• _DATASET CONTENT_

######

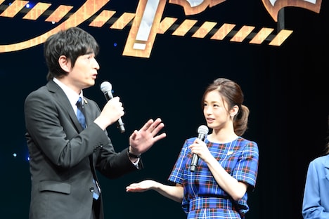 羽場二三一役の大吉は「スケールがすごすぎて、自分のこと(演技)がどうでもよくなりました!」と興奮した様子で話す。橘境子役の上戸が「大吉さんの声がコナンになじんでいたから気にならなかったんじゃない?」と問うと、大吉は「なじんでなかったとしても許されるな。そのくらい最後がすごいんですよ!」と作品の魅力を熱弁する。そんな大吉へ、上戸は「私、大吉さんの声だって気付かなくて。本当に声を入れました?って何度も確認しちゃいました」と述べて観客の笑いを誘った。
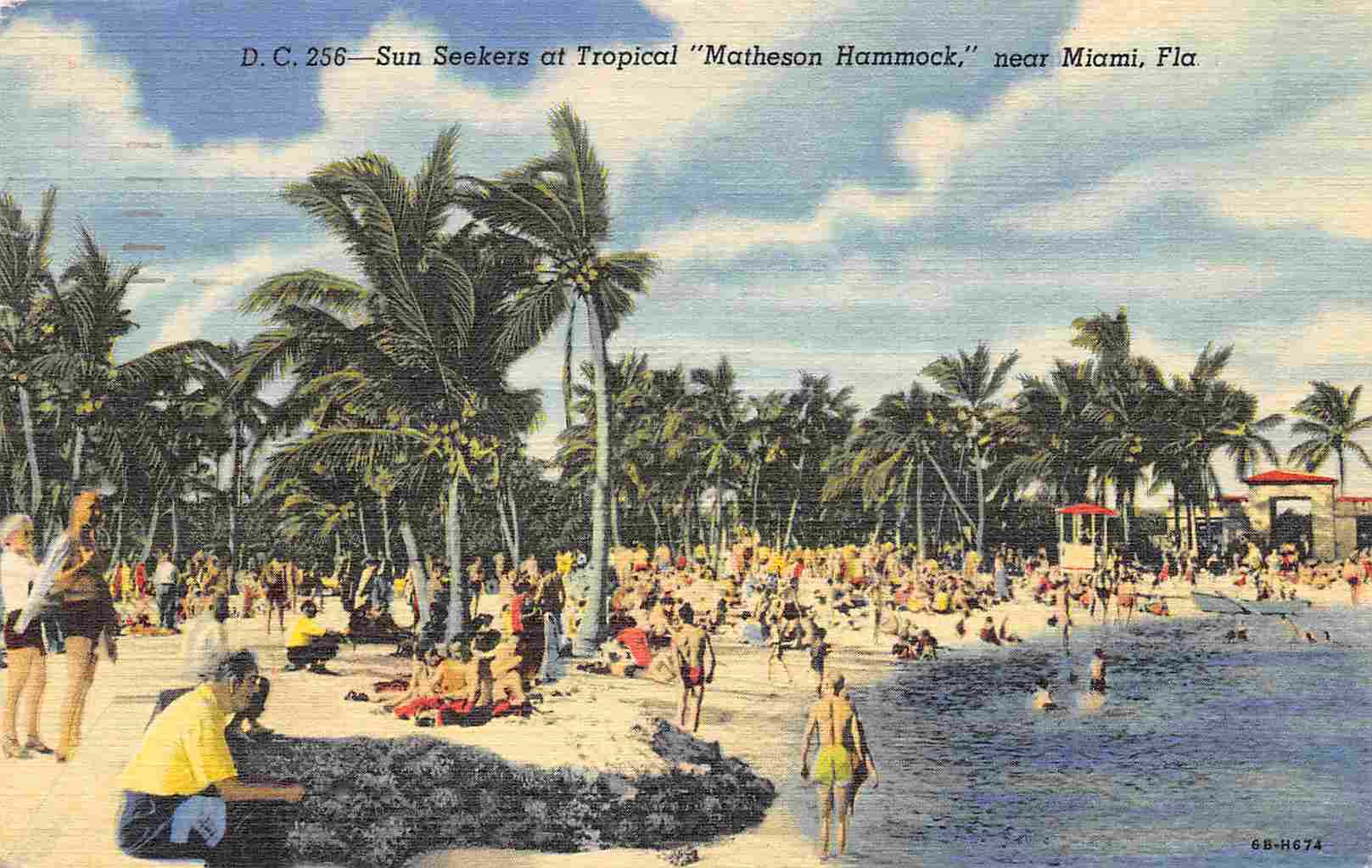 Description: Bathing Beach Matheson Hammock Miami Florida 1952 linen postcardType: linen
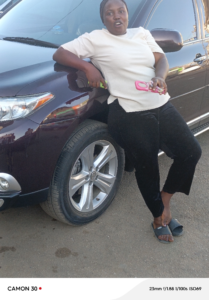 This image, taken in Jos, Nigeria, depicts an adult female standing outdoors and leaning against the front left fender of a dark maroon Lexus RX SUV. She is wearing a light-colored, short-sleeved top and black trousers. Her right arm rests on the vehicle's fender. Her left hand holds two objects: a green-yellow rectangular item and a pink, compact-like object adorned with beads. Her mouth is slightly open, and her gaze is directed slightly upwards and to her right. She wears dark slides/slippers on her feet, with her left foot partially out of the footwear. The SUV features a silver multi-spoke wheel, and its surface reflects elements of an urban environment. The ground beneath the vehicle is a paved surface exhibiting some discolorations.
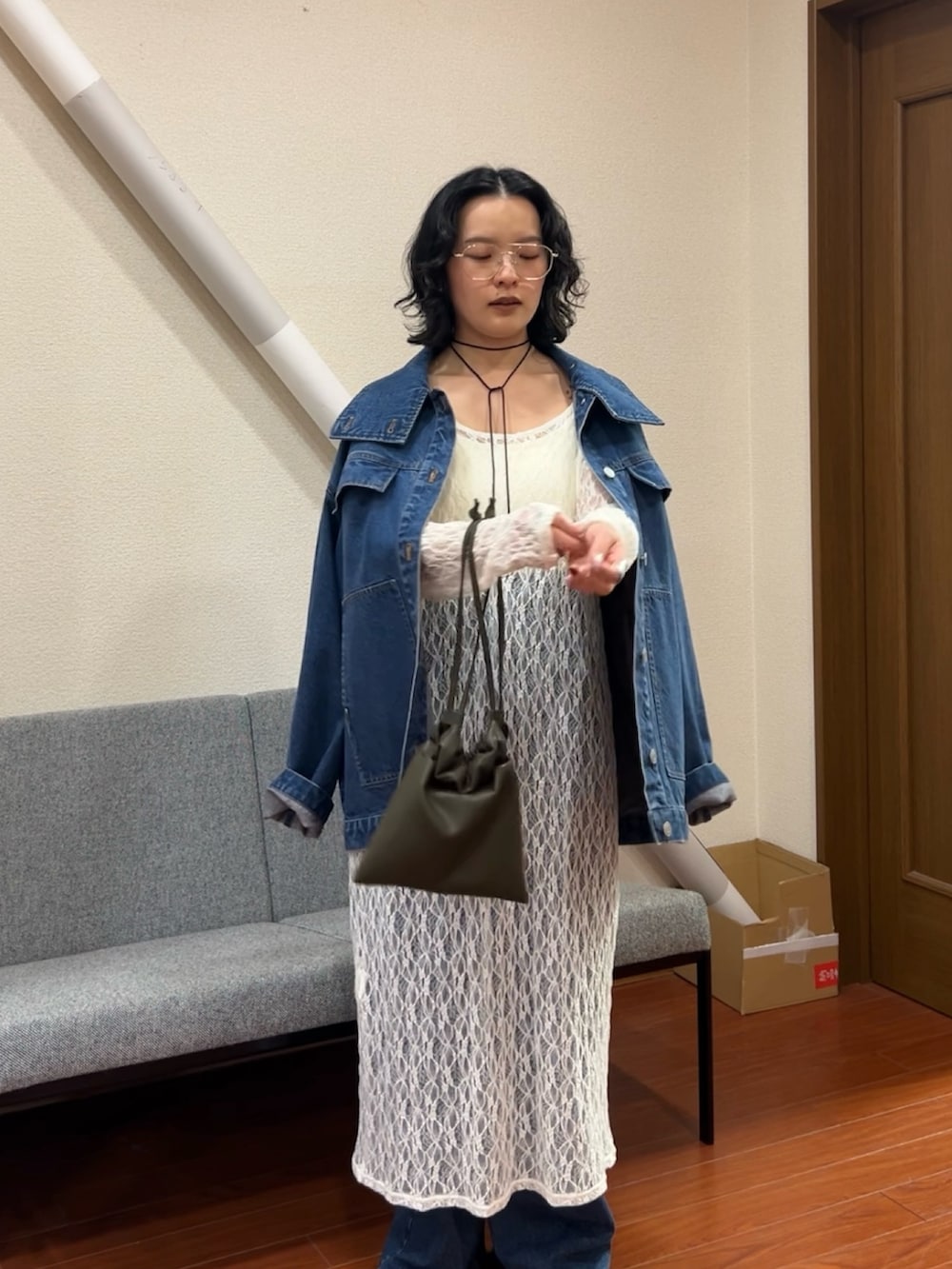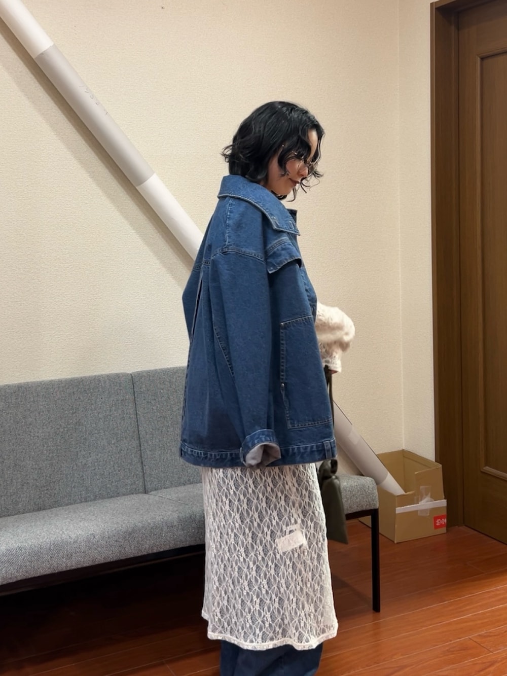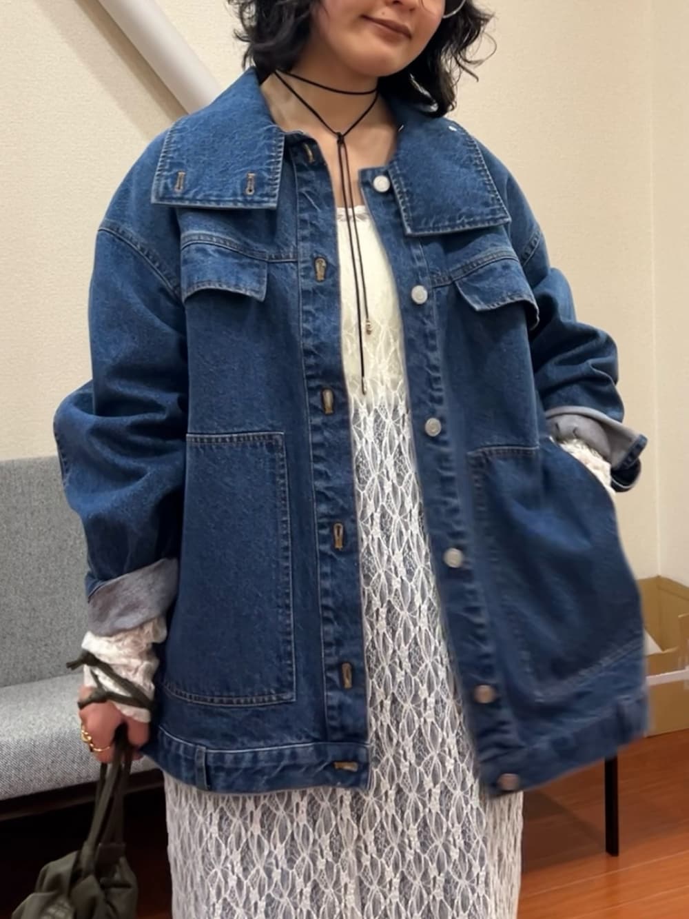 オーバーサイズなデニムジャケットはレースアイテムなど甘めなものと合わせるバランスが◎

######

What do the lines above say from the line containing "This image, taken" through the last line? Quote them exactly, both ends included, and leave out the pictures.

• _ANSWER FOR THIS EXERCISE_
 This image, taken in Jos, Nigeria, depicts an adult female standing outdoors and leaning against the front left fender of a dark maroon Lexus RX SUV. She is wearing a light-colored, short-sleeved top and black trousers. Her right arm rests on the vehicle's fender. Her left hand holds two objects: a green-yellow rectangular item and a pink, compact-like object adorned with beads. Her mouth is slightly open, and her gaze is directed slightly upwards and to her right. She wears dark slides/slippers on her feet, with her left foot partially out of the footwear. The SUV features a silver multi-spoke wheel, and its surface reflects elements of an urban environment. The ground beneath the vehicle is a paved surface exhibiting some discolorations.
 オーバーサイズなデニムジャケットはレースアイテムなど甘めなものと合わせるバランスが◎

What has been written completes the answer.